Я далеко обогнал плачущую женщину и первым вошел в сосенки. Меня обдало тем настоем смолы, хвои, земляники, горьковатых каких-то трав, перегретого мха и солнечной сухости, который держится только в летний полдень, именно в таких вот небольших, прогреваемых солнцем лесочках. В матером бору, наверно, было бы иначе.
На крохотной полянке, сплошь заросшей розовыми кошачьими лапками, я опрокинулся навзничь, раскинул руки, и лесная тишина вновь устоялась надо мной, как устаивается вода после брошенного в тихий омут камня.
Я лежал так довольно долго. Впечатления от только что прочитанной книги и от только что услышанных материнских причитаний странно перепутывались у меня в голове. Нет, я согласен на всеобщую великую гармонию, если останутся, конечно, такие вот сосновые островки, пусть даже вблизи человеческих, дорогих нам могил. Волнует другое. Вдруг получится так, что все будут довольны, просветленно радостны, торжественно и стерильно разумны, а у меня – слеза. Изобретем ли мы какой-нибудь облучающий агрегат, какой-нибудь там генератор счастья, который мог бы аннулировать, ликвидировать и, более того, профилактически предупредить мою глупую, пошлую, отсталую, мою консервативную слезу? Потому что, если у меня слеза да у другого слеза, получаются – слезы. А если слезы, где же всеобщая гармония?
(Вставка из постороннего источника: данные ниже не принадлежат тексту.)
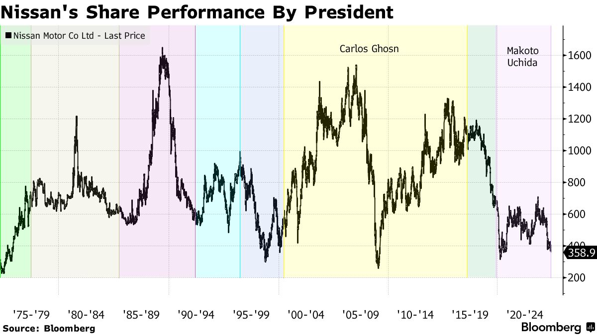 在内田的领导下,日产的股票表现落后于MSCI全球汽车指数超过170点——自1999年全球基准推出以来,任何首席执行官的相对表现最差。

Или вот. Сюда, где я лежу и в общем-то отвлеченно размышляю, бредет не отвлеченная, а настоящая живая старуха… Восьмидесятилетняя мать, у которой так глупо и так трагически погиб единственный сын. Она идет и воет на всю округу. Ей больно. Мы, не побывавшие в матерях, теряющих молодых сыновей, не можем и представить себе, как ей больно. «Человеческий разум может все», – довольно безответственно написано в этой книжке. Отчего же, научившись черт знает чему, мы не умеем очень простого и очень нужного – успокоить боль скорбящего материнского сердца? Вот я, человек сравнительно цивилизованный. Слышал о красном смещении, о спектральных анализах, более того, человек, по профессии своей считающийся в некотором роде сердцеведом. С чем, с какими словами я подойду сейчас к скорбящей, чем утешу ее? Да я же абсолютно бессилен, как трехлетний ребенок, который взялся поднимать двухпудовую гирю. Сына нет. Но она сейчас говорит с ним как с живым. От этого разговора, от мнимой близости сына боль разгорается все сильнее и сильнее. Вправе ли я вообще вмешиваться в их беседу? Или, может быть, сказать ей, что это все бред, идеалистическая чепуха? Есть кусок гниющего мяса, с которым разговаривать бесполезно?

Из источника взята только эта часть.